**RECORDED INFORMATION**
((

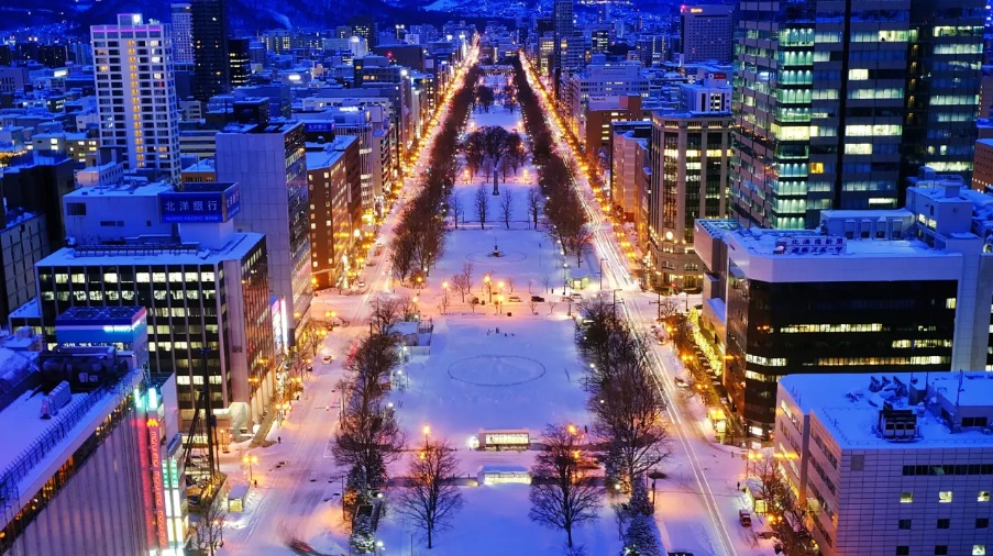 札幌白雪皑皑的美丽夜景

))
((

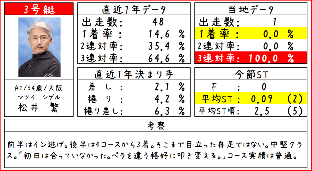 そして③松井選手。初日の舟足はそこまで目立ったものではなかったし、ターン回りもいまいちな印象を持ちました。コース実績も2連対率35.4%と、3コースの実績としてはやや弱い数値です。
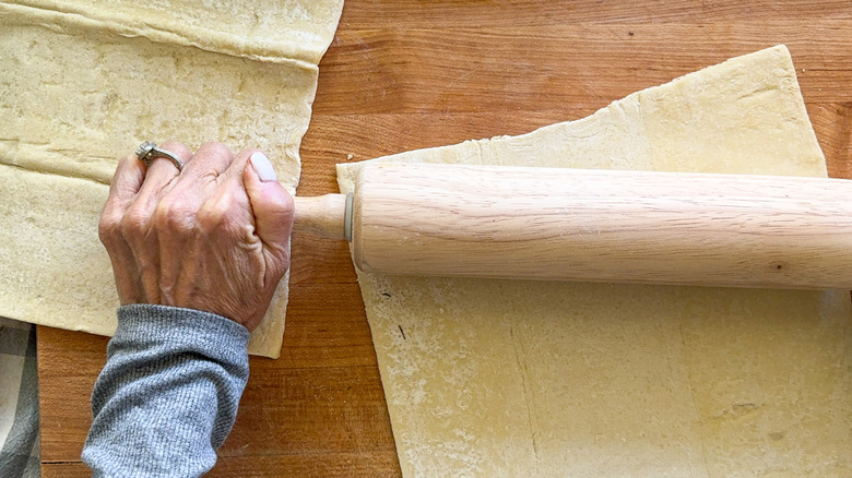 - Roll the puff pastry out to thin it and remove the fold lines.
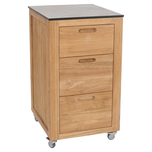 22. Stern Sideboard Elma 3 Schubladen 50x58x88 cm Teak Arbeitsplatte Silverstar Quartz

))
((

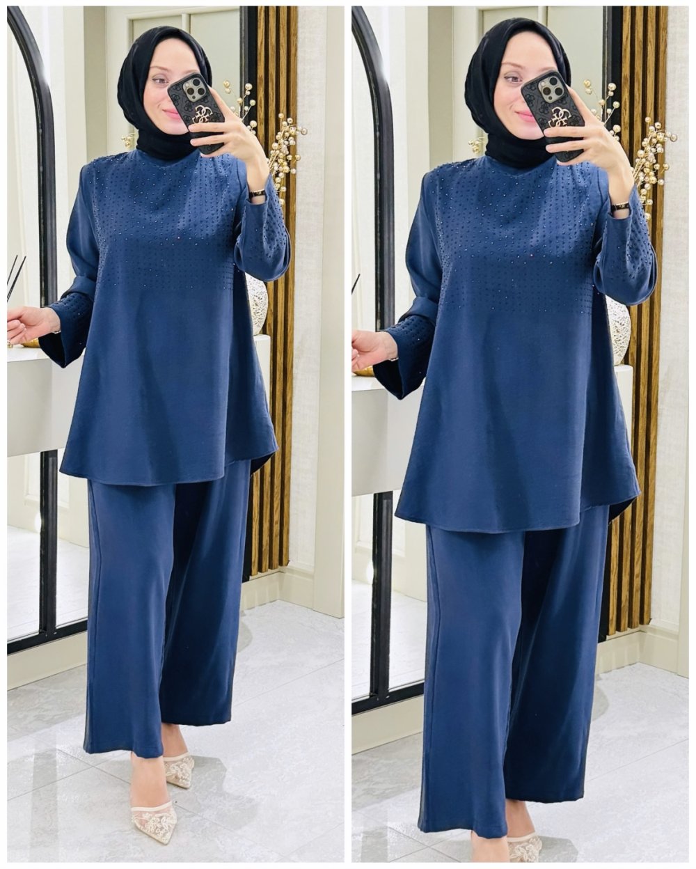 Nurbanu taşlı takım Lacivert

))

**WORK TO COMPLETE**
Would you print exactly the lines in the listing above, from the line bearing "そして③松井選手。初日の舟足" through the line bearing "22. Stern Sideboard", leaving out all pictures?

**YOUR SOLUTION**
 そして③松井選手。初日の舟足はそこまで目立ったものではなかったし、ターン回りもいまいちな印象を持ちました。コース実績も2連対率35.4%と、3コースの実績としてはやや弱い数値です。
 - Roll the puff pastry out to thin it and remove the fold lines.
 22. Stern Sideboard Elma 3 Schubladen 50x58x88 cm Teak Arbeitsplatte Silverstar Quartz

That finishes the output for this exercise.